Im not sure how there could be any connection between those two incidents. Id start by dropping the lower unit and inspecting the impeller.


----------



## Indy (Aug 21, 2015)

I also have a Honda 50 . Try running a thin wire up the pee hole. That usually works. If you didn’t have any alarms. Something might have slow the water flow down


----------



## Tim Wilson (Dec 22, 2016)

I have Mercury 25 that the peeing issue happens every now and then. I have used paper clip up in the hole and on some occasions removed the hose that goes to the 90 degree plastic output. Used the same paper lip to clean out the hose a few inches up. The water that pees out is the last place that the water goes to on the engine. Which means the motor can be still getting cooled even though no water is coming out the pee hole. I am not sure it is the same on a Honda but a little research on the inter webs should tell you


----------



## omegadef (Jul 10, 2011)

Indy said:


> I also have a Honda 50 . Try running a thin wire up the pee hole. That usually works. If you didn’t have any alarms. Something might have slow the water flow down


This used to be my job as a kid. Steel leader cut in half.


----------



## mro (Jan 24, 2018)

It's good form that after a service for your outboard, car, lawn mower etc. to start the motor and let it run for a couple minuets. I do a quick visual when started then put my tools away while it's running.
Once I shut it down I'll recheck the oil filter isn't leaking as well as the engine fuel filters.
Wipe a finger across the bottom of a filter where it connects to the engine, sometimes looking isn't enough.

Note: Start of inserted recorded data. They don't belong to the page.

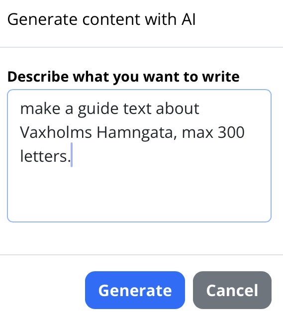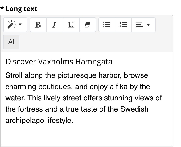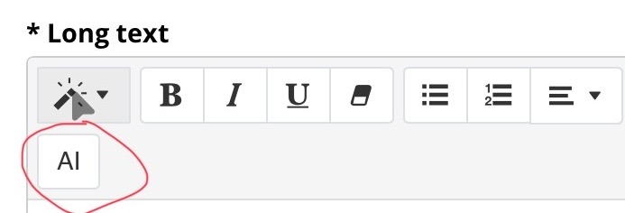 We have now added an AI button to the HTML editor, allowing you to use AI to generate text.
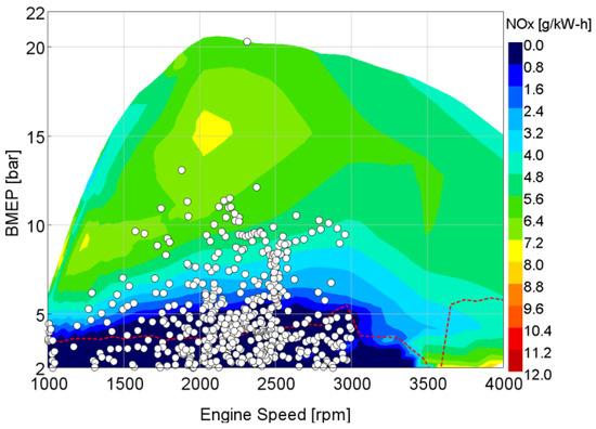 The objective of this section is to assess the potential of the RCCI-SHV architecture compared to the dual-mode concept described in Section 2.2 and conventional diesel combustion. For this purpose, performance and emissions maps of the original diesel engine and dual-mode RCCI were used as input data for the model. The driving cycles were simulated using the same gear shifting strategy for CDC and dual-mode combustion, while the hybrid concept relied on direct transmission with a fixed gear ratio. The operating conditions reached during the RDE cycle with CDC and dual-mode concepts are shown in Figure 13. It is interesting to note that the charging strategy for the hybrid vehicle was based on RBC (rule-based control), where the engine operating conditions are defined on SOC ranges. This allows for tailoring of the operating conditions to obtain the desired values of emissions. This means that the ICE will operate in a defined operating condition based on the previous state and the actual SOC value from the battery. The basic control strategy is summarized in Table 6 where CD stands for charge depleting operation and CS for charge sustaining mode. Other control strategies such as dynamic programming and a model predictive controller are able to obtain higher energy savings, but RBC has easier implementation from the control standpoint. Therefore, the energy savings achieved with the hybrid powertrain can potentially be even higher than the values presented here. Future works will be focused on the optimization of the charging strategy.
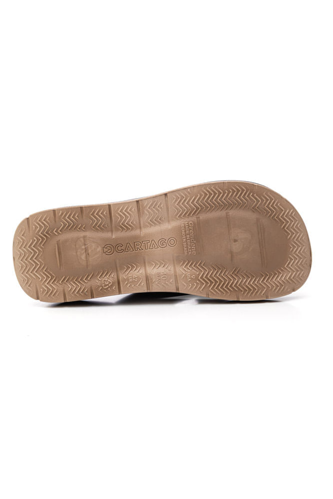 Para um passeio descontraído à tarde, combine o Chinelo Cartago Santorini Viii com bermuda de sarja bege, camiseta gola careca em algodão verde musgo e óculos escuros. Acrescente um relógio casual com pulseira marrom para um toque de estilo. O visual é confortável, elegante e ideal para caminhar com leveza e sofisticação em dias quentes.

Weak stream coming out the telltale (if motor maintenance has ben followed) could be something obstructing the flow somewhere. I had a 30 HP Yamaha that regularly got clogged by weeds and the flow diminished when it happened. First time it happened I cleared it by sticking a piece of 40 # leader material in the telltales port. Later I found a plastic wire tie that was just the right size and only needed a couple pokes to clear the obstruction.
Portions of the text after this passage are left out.